Stored items
************
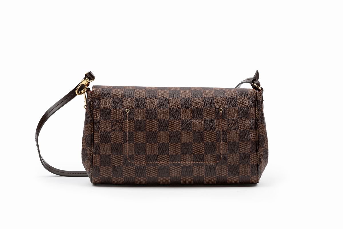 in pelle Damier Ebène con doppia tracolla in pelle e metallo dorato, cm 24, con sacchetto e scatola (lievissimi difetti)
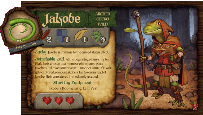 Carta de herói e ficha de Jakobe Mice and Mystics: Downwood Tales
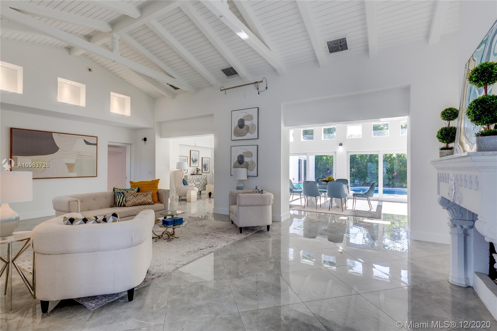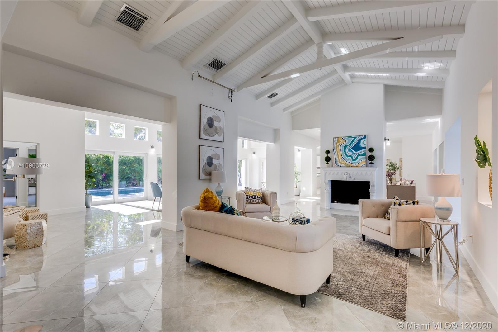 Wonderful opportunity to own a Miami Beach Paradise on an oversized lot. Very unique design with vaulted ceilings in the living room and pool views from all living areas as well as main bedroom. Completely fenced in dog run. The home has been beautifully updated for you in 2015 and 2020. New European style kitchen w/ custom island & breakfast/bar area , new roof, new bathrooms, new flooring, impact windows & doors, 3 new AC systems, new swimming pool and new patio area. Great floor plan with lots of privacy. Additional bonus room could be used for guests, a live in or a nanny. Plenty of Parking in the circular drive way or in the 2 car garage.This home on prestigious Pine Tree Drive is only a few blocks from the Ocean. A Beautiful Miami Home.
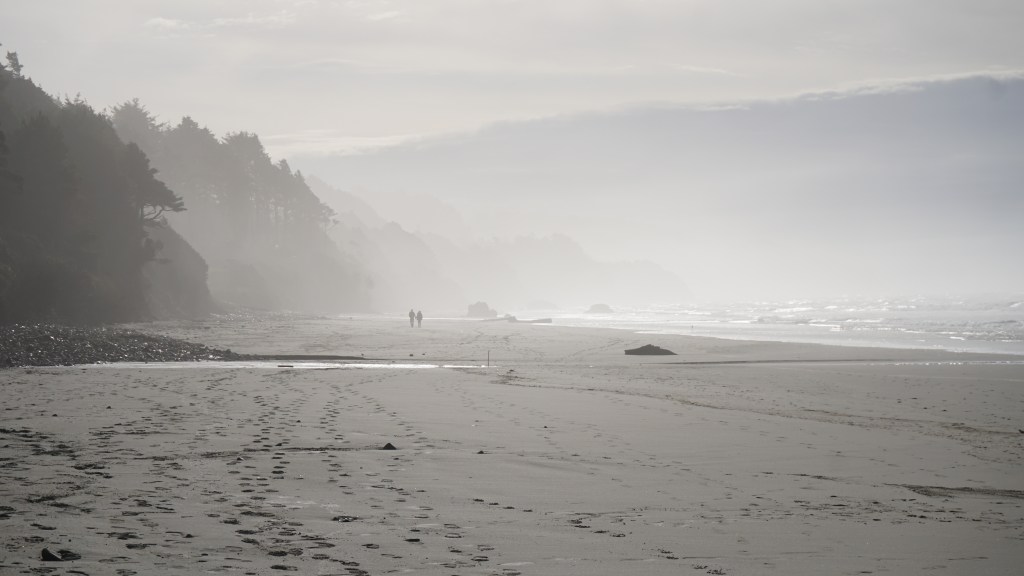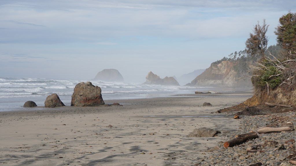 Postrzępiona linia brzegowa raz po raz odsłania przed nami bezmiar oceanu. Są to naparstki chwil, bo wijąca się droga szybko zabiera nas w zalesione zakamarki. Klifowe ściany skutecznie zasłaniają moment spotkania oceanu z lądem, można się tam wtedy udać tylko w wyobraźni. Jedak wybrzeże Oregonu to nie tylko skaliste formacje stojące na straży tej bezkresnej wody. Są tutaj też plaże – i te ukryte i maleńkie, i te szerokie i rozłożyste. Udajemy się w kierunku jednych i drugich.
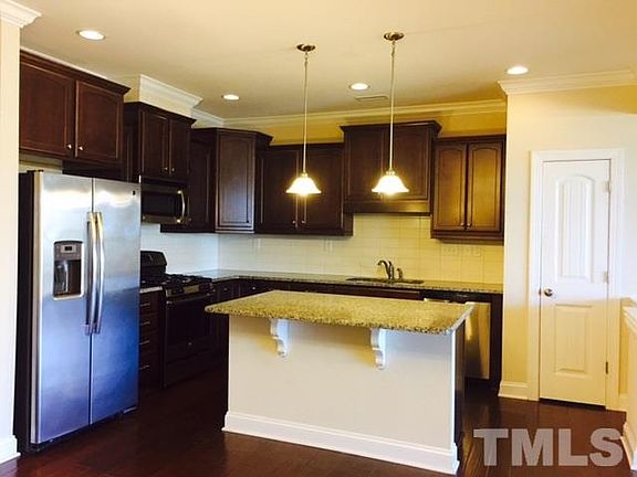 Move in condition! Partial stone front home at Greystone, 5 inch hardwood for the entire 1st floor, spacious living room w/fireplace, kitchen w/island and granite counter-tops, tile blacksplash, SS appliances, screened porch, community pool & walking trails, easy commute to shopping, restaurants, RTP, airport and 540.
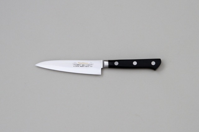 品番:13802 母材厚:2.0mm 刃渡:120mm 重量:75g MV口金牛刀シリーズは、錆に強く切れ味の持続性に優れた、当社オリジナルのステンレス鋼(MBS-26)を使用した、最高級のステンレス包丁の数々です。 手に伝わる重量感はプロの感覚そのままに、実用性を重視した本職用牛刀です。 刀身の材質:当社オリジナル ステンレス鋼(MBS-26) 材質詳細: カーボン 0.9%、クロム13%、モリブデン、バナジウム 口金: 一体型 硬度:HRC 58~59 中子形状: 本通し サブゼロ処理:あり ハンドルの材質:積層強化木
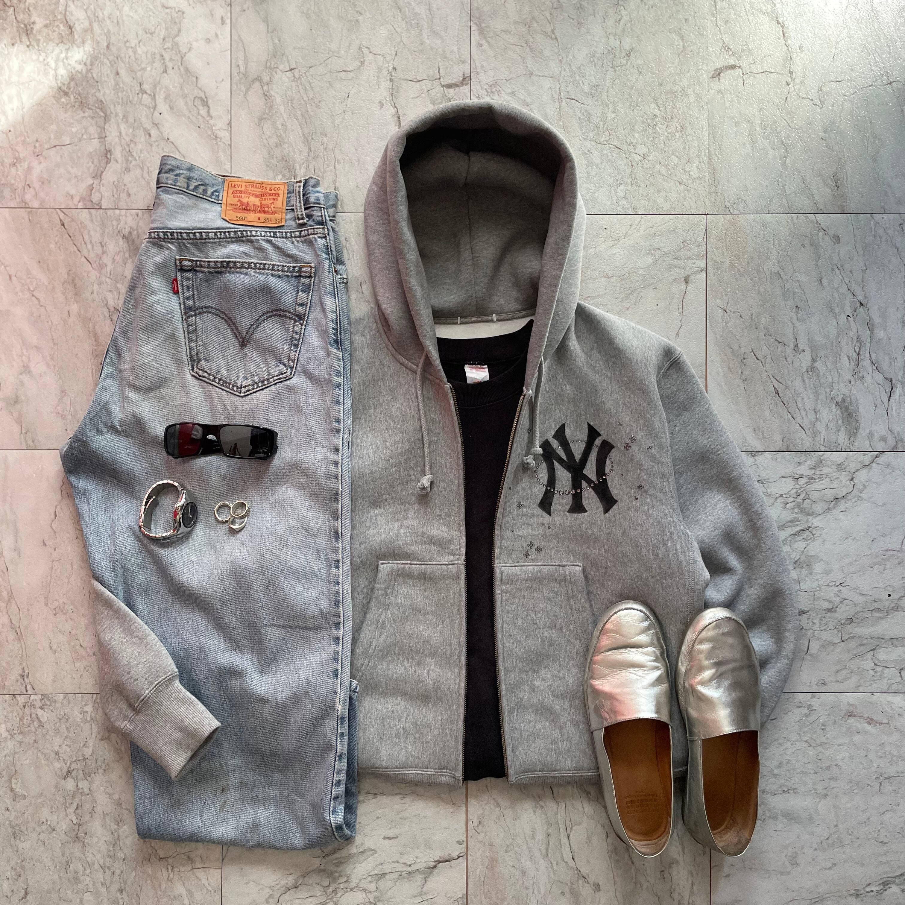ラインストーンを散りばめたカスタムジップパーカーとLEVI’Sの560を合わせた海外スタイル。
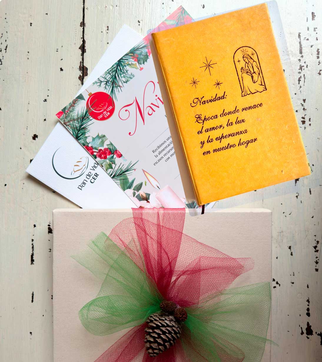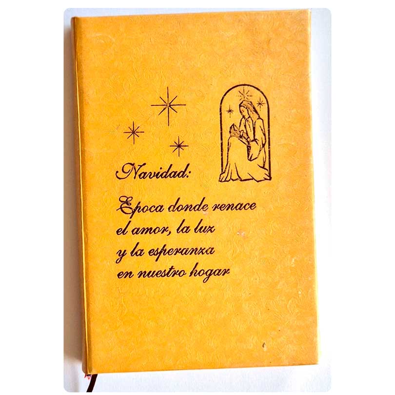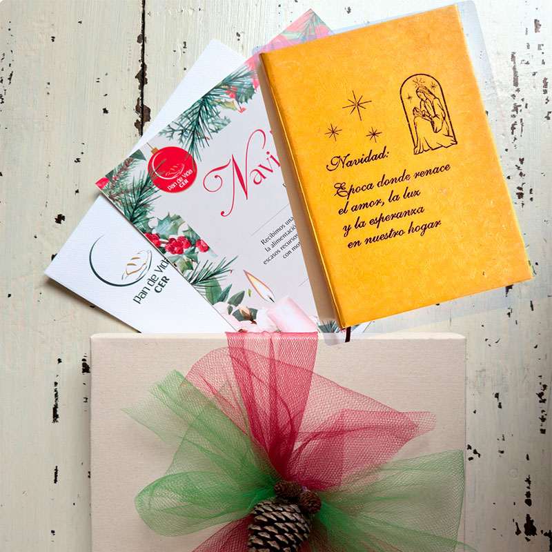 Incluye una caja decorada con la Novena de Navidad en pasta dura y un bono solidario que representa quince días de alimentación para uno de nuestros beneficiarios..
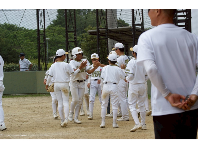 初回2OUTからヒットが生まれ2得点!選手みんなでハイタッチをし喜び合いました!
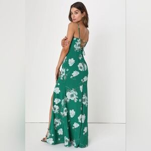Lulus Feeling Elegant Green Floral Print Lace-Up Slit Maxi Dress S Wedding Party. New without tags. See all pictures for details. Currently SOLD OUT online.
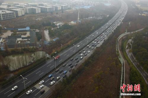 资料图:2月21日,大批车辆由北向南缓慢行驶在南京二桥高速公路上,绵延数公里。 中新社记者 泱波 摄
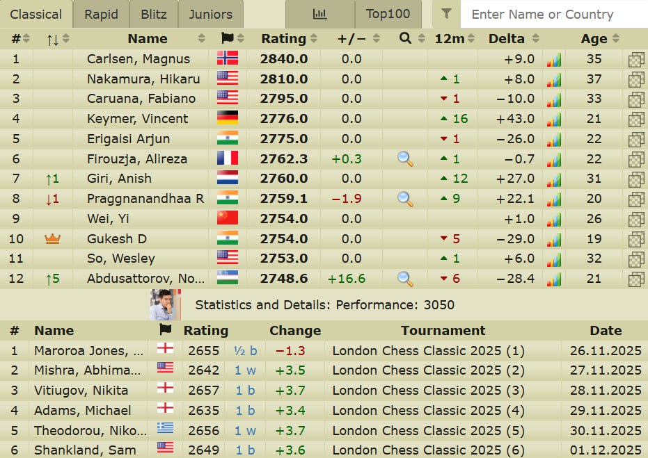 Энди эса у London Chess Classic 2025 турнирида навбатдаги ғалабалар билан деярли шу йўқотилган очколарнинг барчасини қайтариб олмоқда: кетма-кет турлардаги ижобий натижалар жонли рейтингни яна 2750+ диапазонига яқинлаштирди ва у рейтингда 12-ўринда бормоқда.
************
→ **Work to complete**: Set down exactly the lines running from the beginning of the entries above to the line that contains "Postrzępiona linia brzegowa", including both, and leave out pictures.

→ **Answer below**:
 in pelle Damier Ebène con doppia tracolla in pelle e metallo dorato, cm 24, con sacchetto e scatola (lievissimi difetti)
 Carta de herói e ficha de Jakobe Mice and Mystics: Downwood Tales
 Wonderful opportunity to own a Miami Beach Paradise on an oversized lot. Very unique design with vaulted ceilings in the living room and pool views from all living areas as well as main bedroom. Completely fenced in dog run. The home has been beautifully updated for you in 2015 and 2020. New European style kitchen w/ custom island & breakfast/bar area , new roof, new bathrooms, new flooring, impact windows & doors, 3 new AC systems, new swimming pool and new patio area. Great floor plan with lots of privacy. Additional bonus room could be used for guests, a live in or a nanny. Plenty of Parking in the circular drive way or in the 2 car garage.This home on prestigious Pine Tree Drive is only a few blocks from the Ocean. A Beautiful Miami Home.
 Postrzępiona linia brzegowa raz po raz odsłania przed nami bezmiar oceanu. Są to naparstki chwil, bo wijąca się droga szybko zabiera nas w zalesione zakamarki. Klifowe ściany skutecznie zasłaniają moment spotkania oceanu z lądem, można się tam wtedy udać tylko w wyobraźni. Jedak wybrzeże Oregonu to nie tylko skaliste formacje stojące na straży tej bezkresnej wody. Są tutaj też plaże – i te ukryte i maleńkie, i te szerokie i rozłożyste. Udajemy się w kierunku jednych i drugich.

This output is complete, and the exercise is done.